##### THE DATA

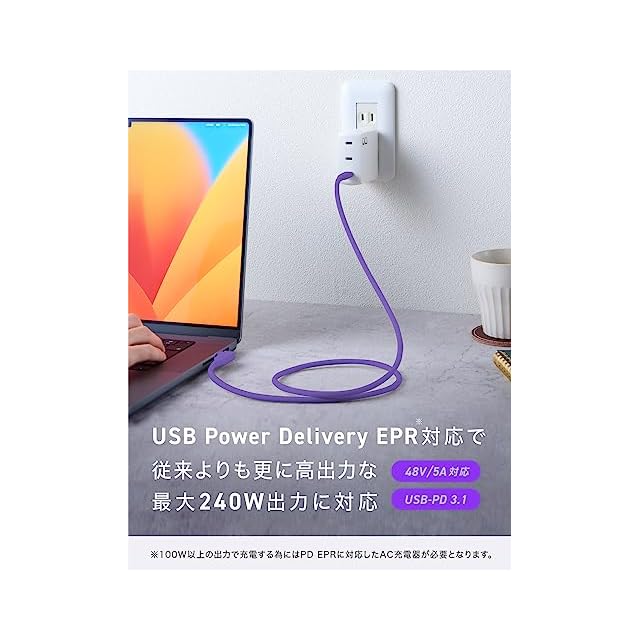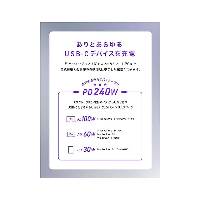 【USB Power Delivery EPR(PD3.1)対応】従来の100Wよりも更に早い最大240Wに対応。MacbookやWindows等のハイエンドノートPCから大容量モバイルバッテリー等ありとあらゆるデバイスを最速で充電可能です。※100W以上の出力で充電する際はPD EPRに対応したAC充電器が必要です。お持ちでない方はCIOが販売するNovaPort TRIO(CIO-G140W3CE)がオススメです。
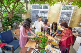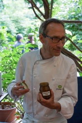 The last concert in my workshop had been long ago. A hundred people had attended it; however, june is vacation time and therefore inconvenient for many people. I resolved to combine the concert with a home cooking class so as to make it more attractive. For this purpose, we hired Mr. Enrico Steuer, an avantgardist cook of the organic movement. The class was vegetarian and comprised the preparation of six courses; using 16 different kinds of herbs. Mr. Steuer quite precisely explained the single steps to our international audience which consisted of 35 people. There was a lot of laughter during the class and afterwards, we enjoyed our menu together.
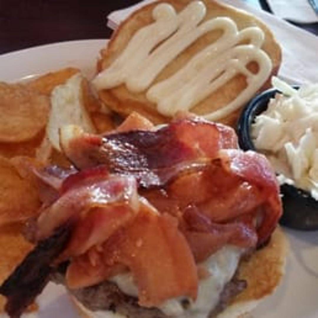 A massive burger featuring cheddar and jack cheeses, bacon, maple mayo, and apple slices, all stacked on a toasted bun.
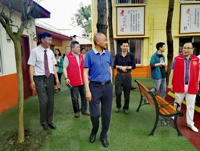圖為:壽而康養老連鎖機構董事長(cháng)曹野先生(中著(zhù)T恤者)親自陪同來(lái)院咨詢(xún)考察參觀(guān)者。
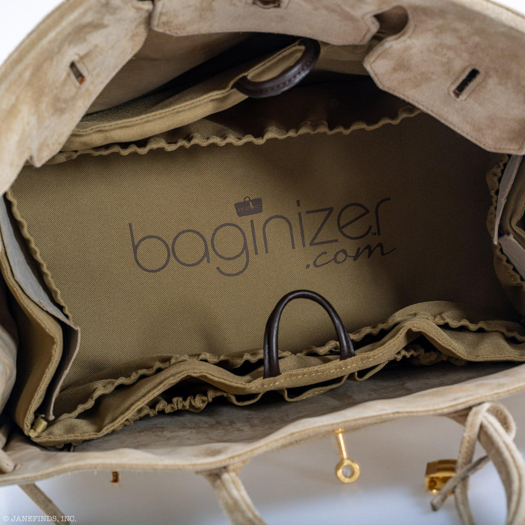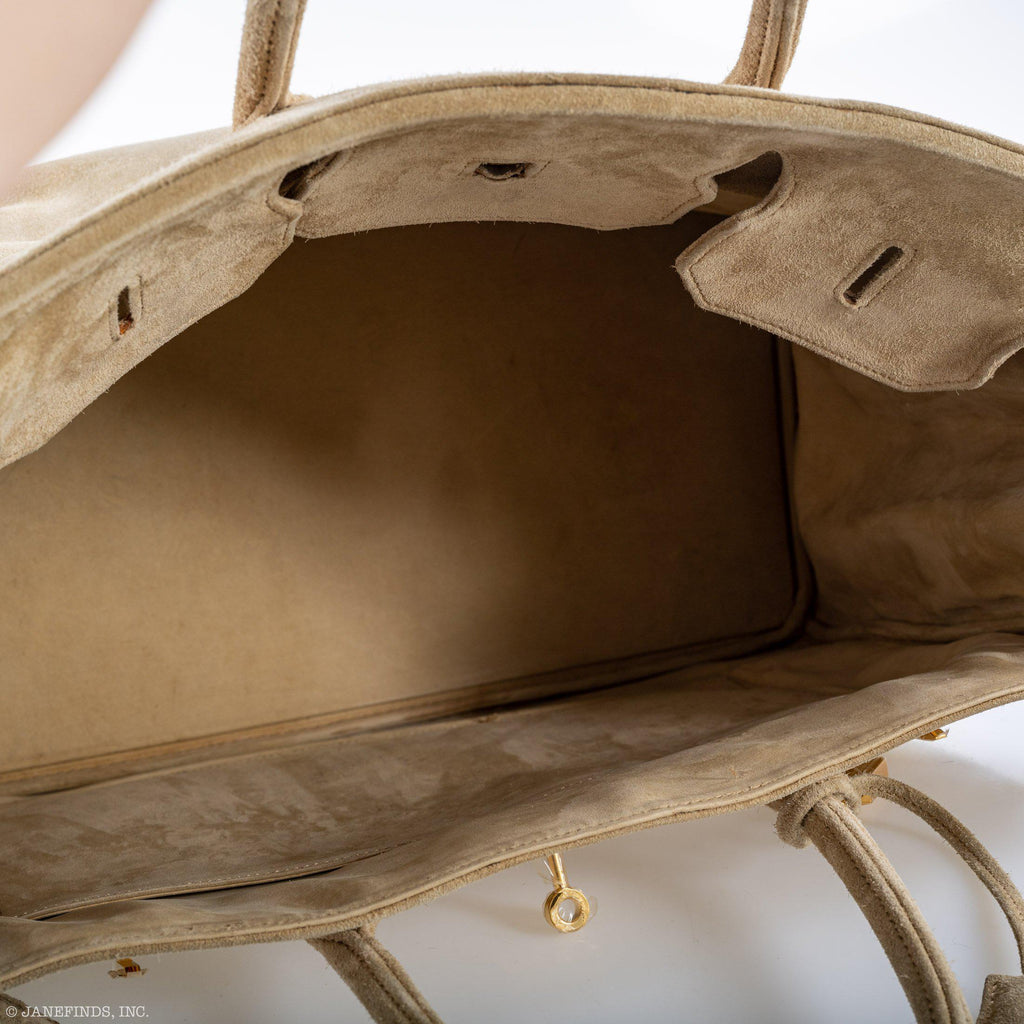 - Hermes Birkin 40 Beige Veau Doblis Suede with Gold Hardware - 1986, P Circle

##########

*EXERCISE PROMPT*
Without the pictures, give every line above again exactly.

*ANSWER TO THIS EXERCISE*
 【USB Power Delivery EPR(PD3.1)対応】従来の100Wよりも更に早い最大240Wに対応。MacbookやWindows等のハイエンドノートPCから大容量モバイルバッテリー等ありとあらゆるデバイスを最速で充電可能です。※100W以上の出力で充電する際はPD EPRに対応したAC充電器が必要です。お持ちでない方はCIOが販売するNovaPort TRIO(CIO-G140W3CE)がオススメです。
 The last concert in my workshop had been long ago. A hundred people had attended it; however, june is vacation time and therefore inconvenient for many people. I resolved to combine the concert with a home cooking class so as to make it more attractive. For this purpose, we hired Mr. Enrico Steuer, an avantgardist cook of the organic movement. The class was vegetarian and comprised the preparation of six courses; using 16 different kinds of herbs. Mr. Steuer quite precisely explained the single steps to our international audience which consisted of 35 people. There was a lot of laughter during the class and afterwards, we enjoyed our menu together.
 A massive burger featuring cheddar and jack cheeses, bacon, maple mayo, and apple slices, all stacked on a toasted bun.
圖為:壽而康養老連鎖機構董事長(cháng)曹野先生(中著(zhù)T恤者)親自陪同來(lái)院咨詢(xún)考察參觀(guān)者。
 - Hermes Birkin 40 Beige Veau Doblis Suede with Gold Hardware - 1986, P Circle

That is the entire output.